WHAT YOU ARE ASKED TO DO. Transcribe the whole listing exactly, but do not carry over its pictures.

INFORMATION SUPPLIED.
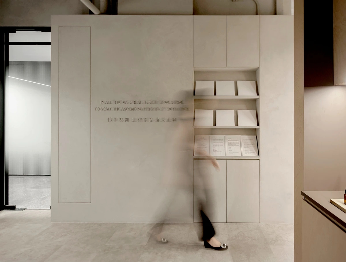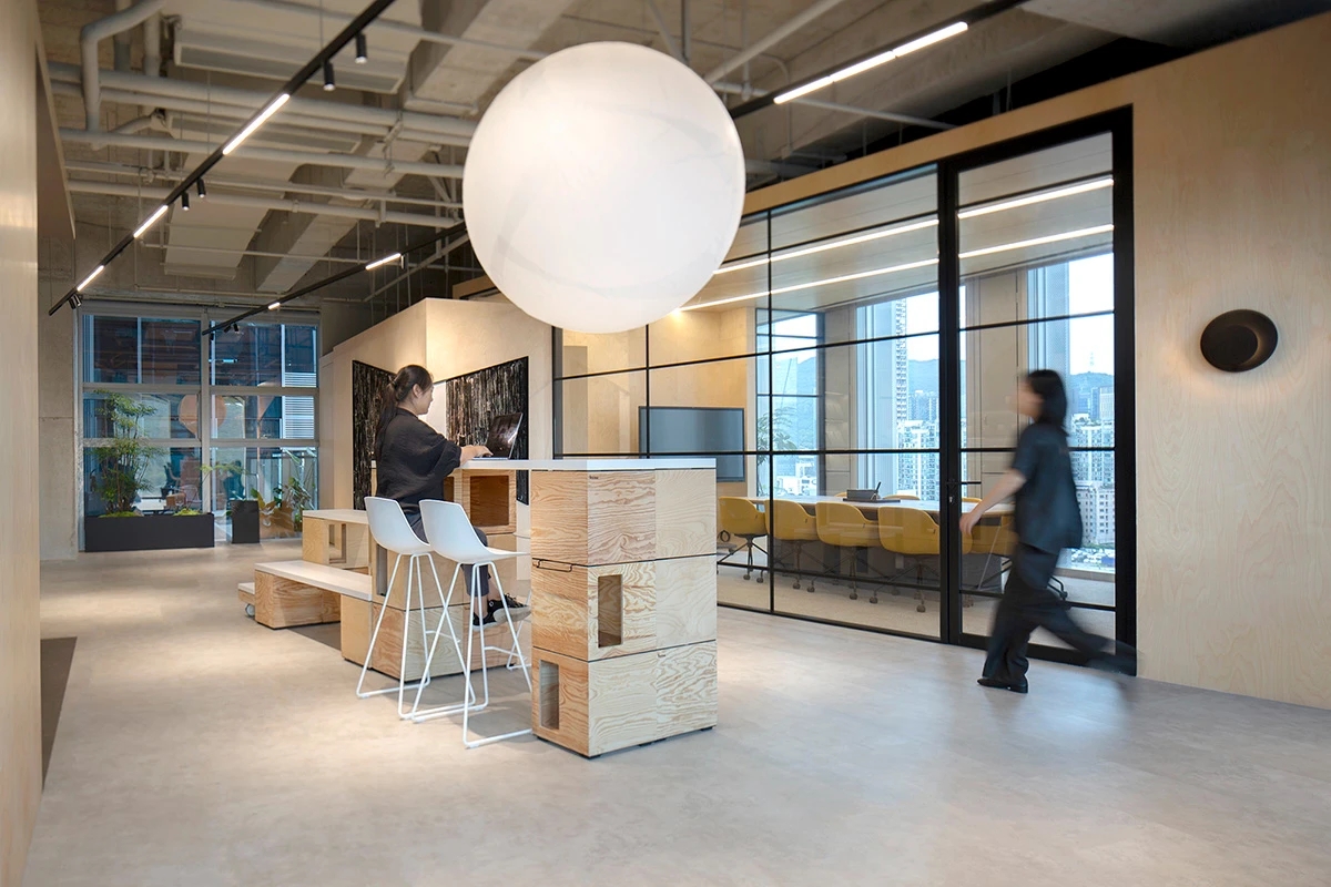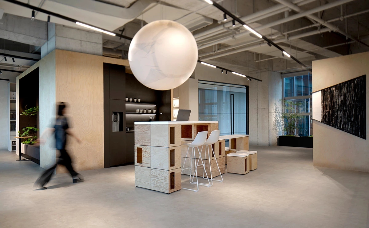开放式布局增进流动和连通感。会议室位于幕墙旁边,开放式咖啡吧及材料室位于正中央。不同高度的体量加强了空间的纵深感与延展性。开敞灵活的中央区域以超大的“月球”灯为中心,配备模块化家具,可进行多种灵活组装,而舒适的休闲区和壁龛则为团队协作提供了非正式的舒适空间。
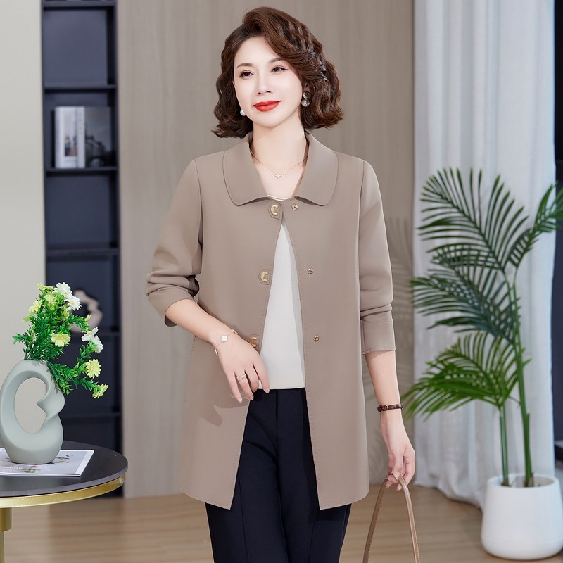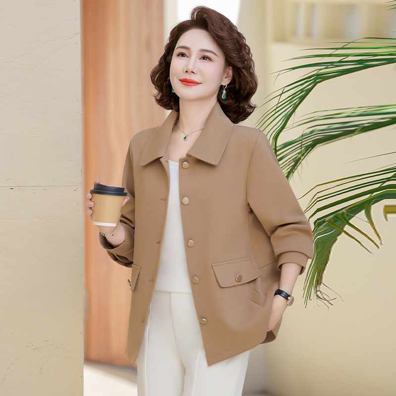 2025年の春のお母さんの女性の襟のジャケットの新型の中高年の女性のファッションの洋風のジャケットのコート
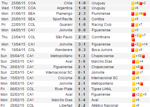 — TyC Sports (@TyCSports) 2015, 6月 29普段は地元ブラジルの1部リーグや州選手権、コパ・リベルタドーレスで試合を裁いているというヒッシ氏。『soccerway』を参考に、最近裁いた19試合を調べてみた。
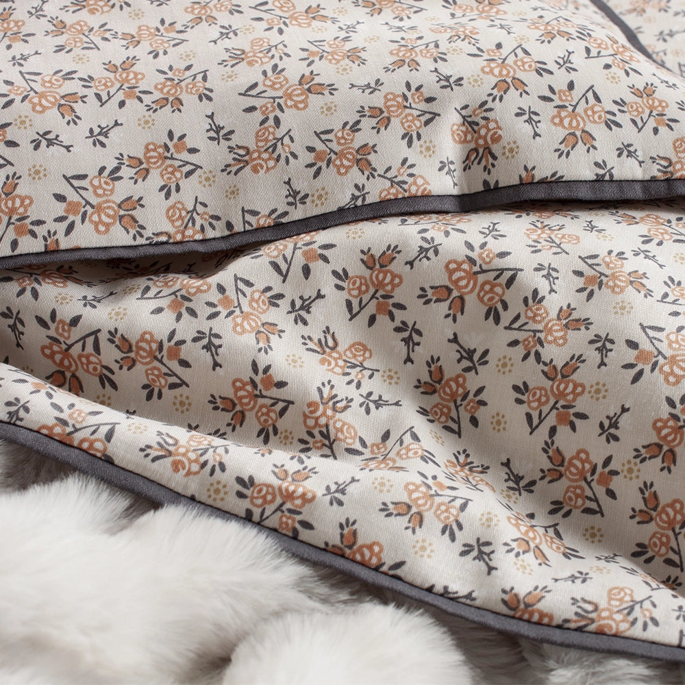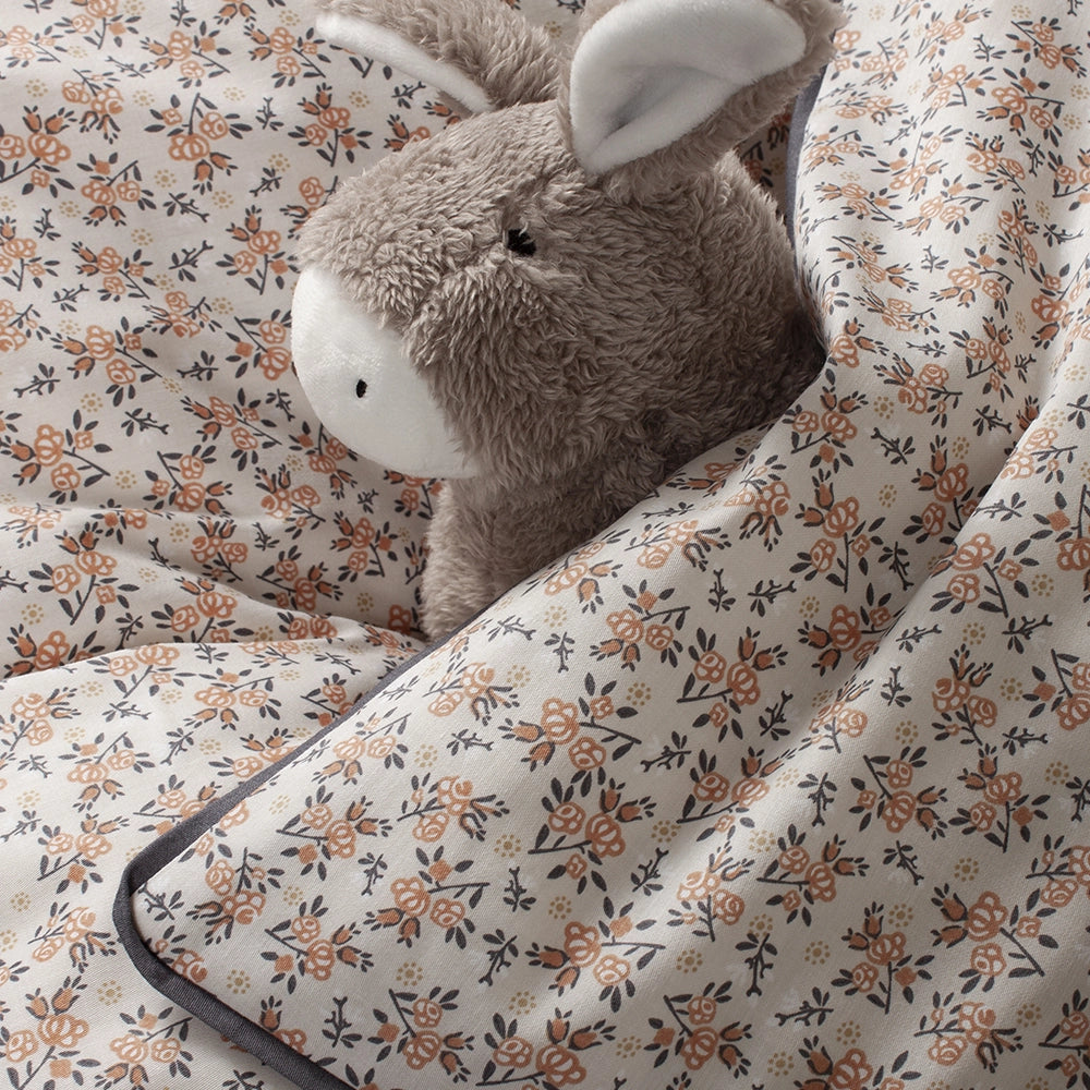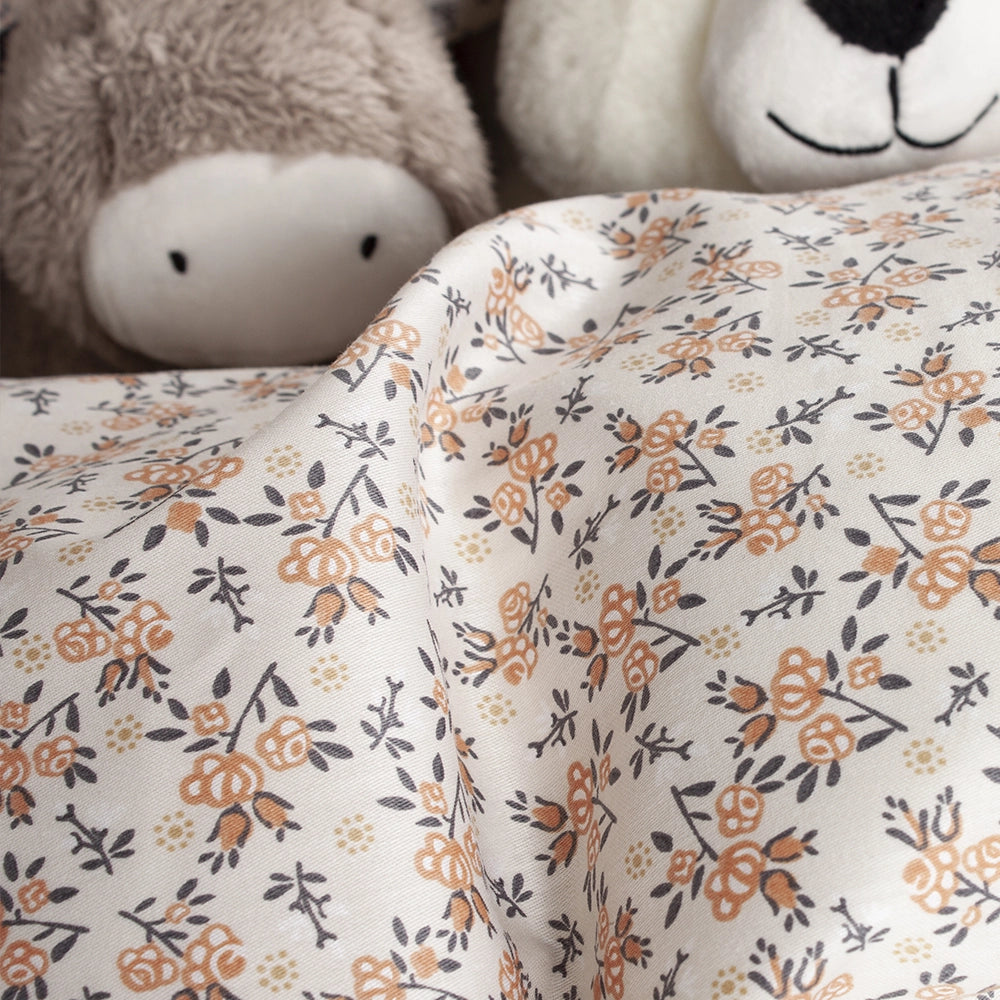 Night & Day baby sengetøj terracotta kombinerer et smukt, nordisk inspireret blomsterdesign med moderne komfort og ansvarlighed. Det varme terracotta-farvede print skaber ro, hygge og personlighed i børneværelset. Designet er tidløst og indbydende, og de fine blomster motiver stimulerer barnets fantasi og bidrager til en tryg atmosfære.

EXERCISE RESULT.
开放式布局增进流动和连通感。会议室位于幕墙旁边,开放式咖啡吧及材料室位于正中央。不同高度的体量加强了空间的纵深感与延展性。开敞灵活的中央区域以超大的“月球”灯为中心,配备模块化家具,可进行多种灵活组装,而舒适的休闲区和壁龛则为团队协作提供了非正式的舒适空间。
 2025年の春のお母さんの女性の襟のジャケットの新型の中高年の女性のファッションの洋風のジャケットのコート
 — TyC Sports (@TyCSports) 2015, 6月 29普段は地元ブラジルの1部リーグや州選手権、コパ・リベルタドーレスで試合を裁いているというヒッシ氏。『soccerway』を参考に、最近裁いた19試合を調べてみた。
 Night & Day baby sengetøj terracotta kombinerer et smukt, nordisk inspireret blomsterdesign med moderne komfort og ansvarlighed. Det varme terracotta-farvede print skaber ro, hygge og personlighed i børneværelset. Designet er tidløst og indbydende, og de fine blomster motiver stimulerer barnets fantasi og bidrager til en tryg atmosfære.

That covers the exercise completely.